How to further increase the level of wind power consumption is a hot research topic in constructing new power systems around the world. It's a consensus that the electrolytic hydrogen production's participation in the power system can further improve the consumption of new energy. This paper proposes a new optimal scheduling strategy for the electro-thermal system, considering refined demand response and source-load-storage cooperative hydrogen production to increase the large-scale wind power consumption. Firstly, to alleviate the impact of wind power fluctuations on hydrogen production, a “wind-storage” combined hydrogen production module is proposed based on the characteristics of hydrogen energy to ensure the safe operation. Secondly, a refined demand response model is built to optimize the electric load curve through price and incentive guidance, to improve the flexibility of “source-load” coordination deeply.
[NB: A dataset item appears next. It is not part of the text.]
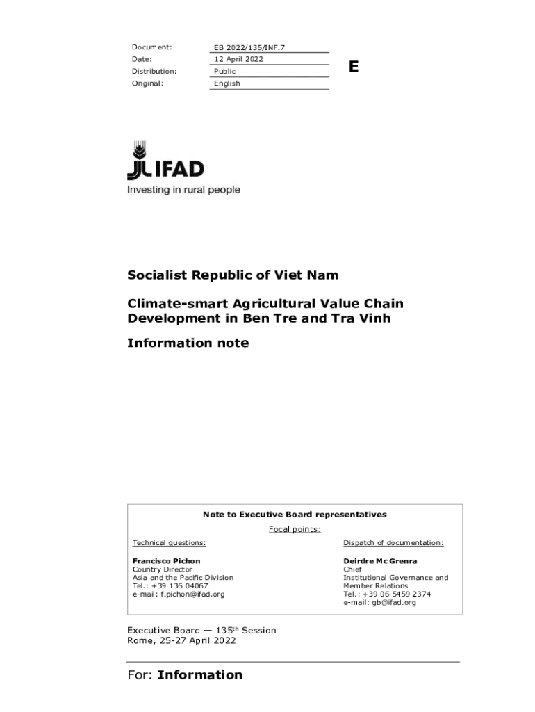 Document:EX 2022/135/INF.7Date:12 April 2022Distribution:PublicOriginal:EnglishESocialist Republic of View Nam Climate smart Agricultural Value Chain Development in Ben TRE and Trey Vine Information

Then, to address the issue of wind power competition caused by benefits conflicts of system operation and hydrogen production, a Bi-level scheduling model of source-load-storage cooperative operation is established to achieve the maximum tracking of wind power, while ensure the interests of both sides. Simulation results show that the proposed strategy can balance the system operation cost and hydrogen production benefits, improve hydrogen revenue by 24%. And even if the capacity of hydrogen production device is low, 100% consumption of wind power can be achieved. This study is heuristic for the large-scale wind power consumption in the multi-energy coupled environment, and provides an idea for operation of new energy power system.